The more my imperfections shined through, the more of a hermit crab I became. When it was time for me to do something different; I would easily revert back to the way I used to handle situations. Pushing blame on my husband saying that he was trying to alter who I was, when all along it was God using him, to tell me it was time-out for my own foolishness.  I couldn’t see it then because hindsight is 20/20; but to look back now, I wonder what is it about a relationship that makes people feel like they have to be perfect?

In actuality the mistakes and flaws are what get us far. They only help make us into better individuals. My husband was never asking me to be perfect, he was wanting me to grow.  He wasn’t asking me to change who I was, just revise the manner in which I communicated certain things to him.  He wasn’t trying to fit me, the square peg, into the circle of his ideals, but was simply seeing something in me that was hurting me more than helping me.  Isn’t that what perfect, loving spouses do?  I abhor that it took a while for me to get to this point, and I cringe to think about what I put my husband through, but I’m always quickly comforted by the reminder of how perfect he was for me at that point in our marriage.

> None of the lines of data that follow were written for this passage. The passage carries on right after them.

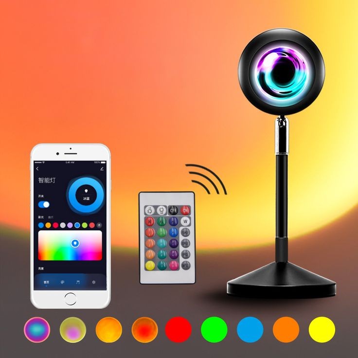【Sunset Light Color Changing with Remote】 Our Sunset Lamp comes with adjustable brightness and 4 lighting effect change modes: Jump effect-Strobe effect-Gradient effect-Smooth Gradient. Which can all remote controlled with the wireless remote. Very convenient.
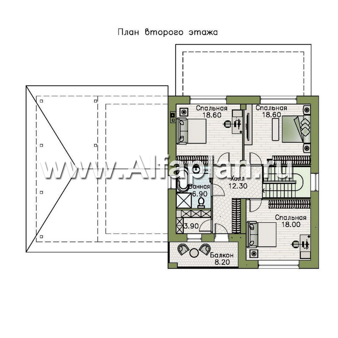 «Селигер» - проект двухэтажного дома из газобетона, с гаражом на 2 авто, фасады из штукатурки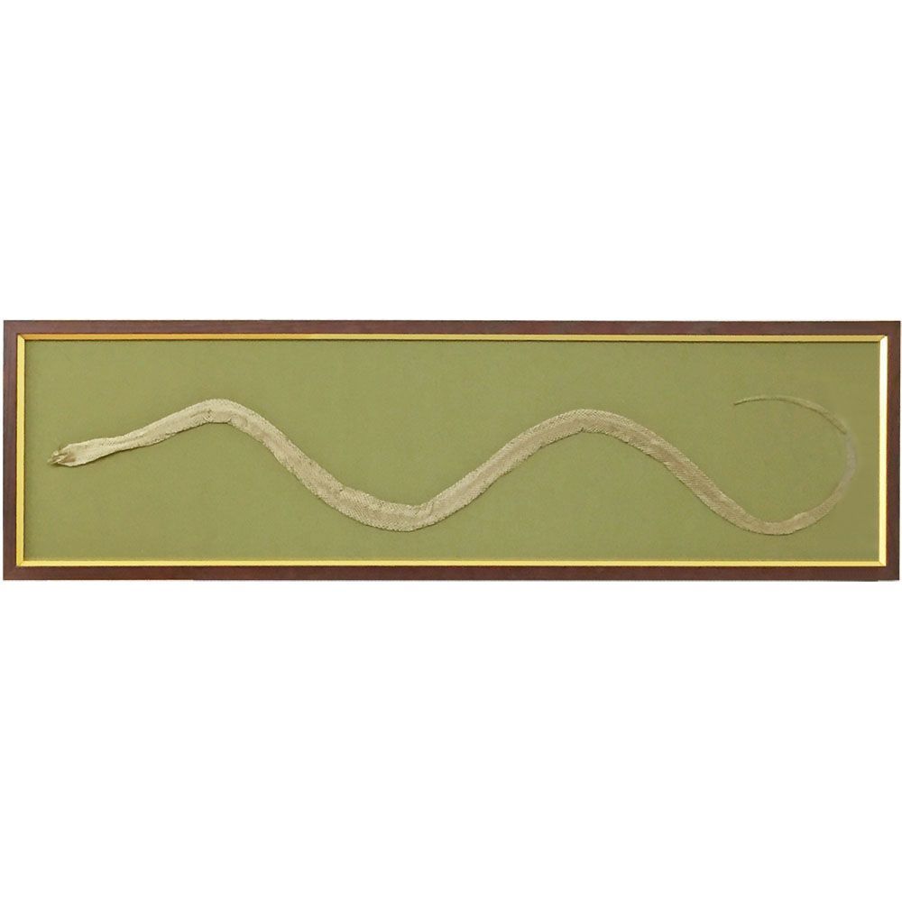 全長1.8mほどでしょうか。頭からの全身が見事に揃った、縁起物のヘビの抜け殻の額装です。和室の襖の上に飾られるとのことでした。和室の上に細長い欄間額が飾られるように、横長にレイアウトした抜け殻はバランスよく納まることでしょう。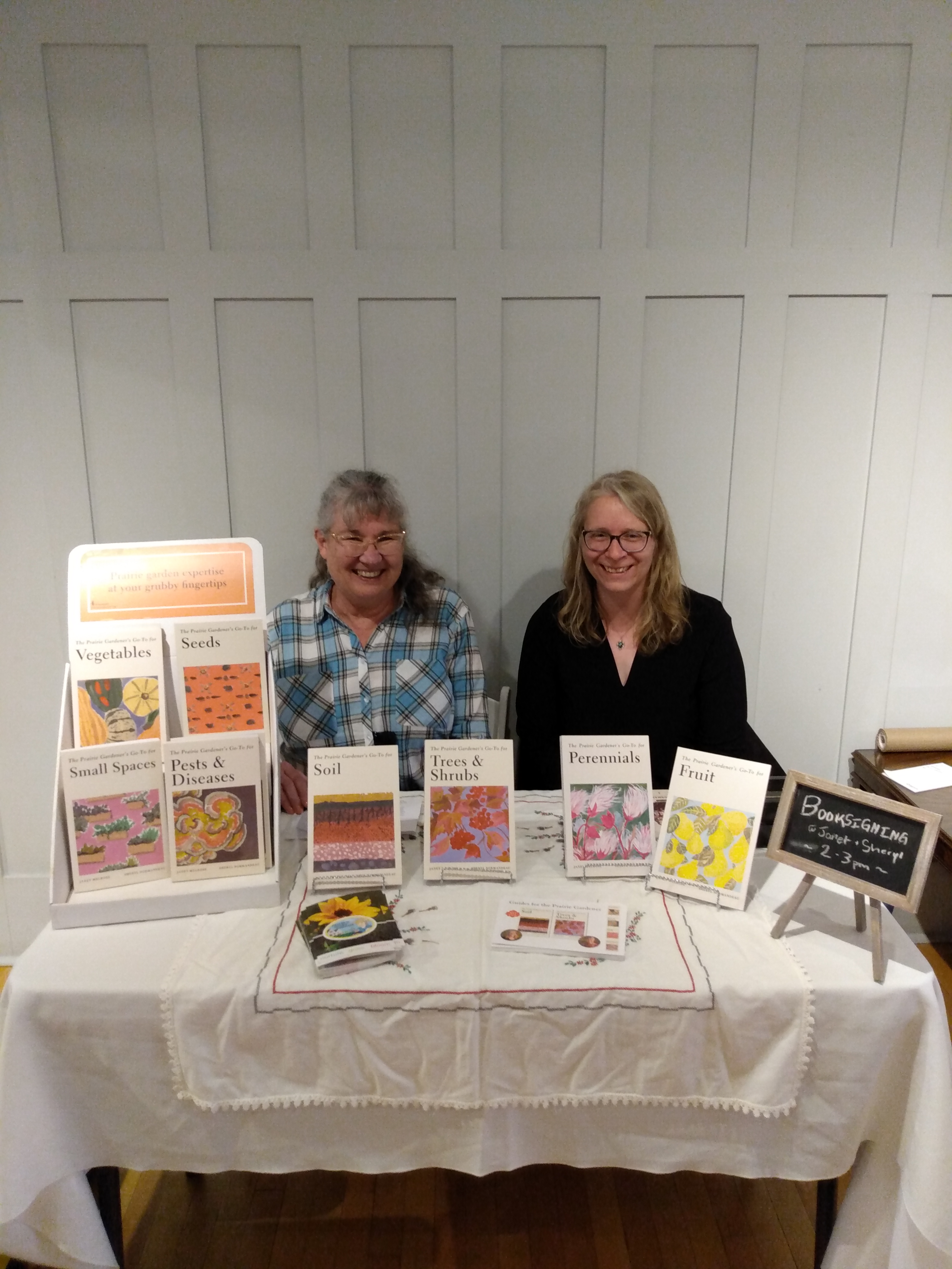 Sunday April 16…Janet and I were out and about again, this time in Calgary at the beautiful historic Lougheed House. It was an exceptionally warm, sunny day and Janet gave a talk and demo outside on the grounds about small space gardening (a couple of bees and a ladybug even joined the guests in attendance!). Afterwards, we all went inside the house for a book signing. We had a lovely time in an incredible space and enjoyed visiting with everyone who attended. (And a special note: the small tablecloth on our table is one of the artifacts from the house. Such a wonderful touch!).

That’s just it! Perfection is not the end, it’s not the complete package that has no need for getting better. Maybe perfection is just a word that describes a feeling about something or someone, for a specified period of time; like a perfect proposal, birthday celebration, or even sunset.  There is nothing on this earth that is perfect, not even nature; everything has room for enhancement at some point in its life span. Maybe this world, us and everything in its grand state of flaws and shoddiness, is exactly the meaning of ‘perfect’.

Maybe perfection means to be what or who you are until its time to reassess and change.  Maybe you aren’t perfect today but you will be tomorrow; maybe not right now but possibly in a few hours perfection will be knocking at your door.  Maybe being perfect is being gracefully imperfect…And just like beauty, maybe perfection is only in the eye of the beholder.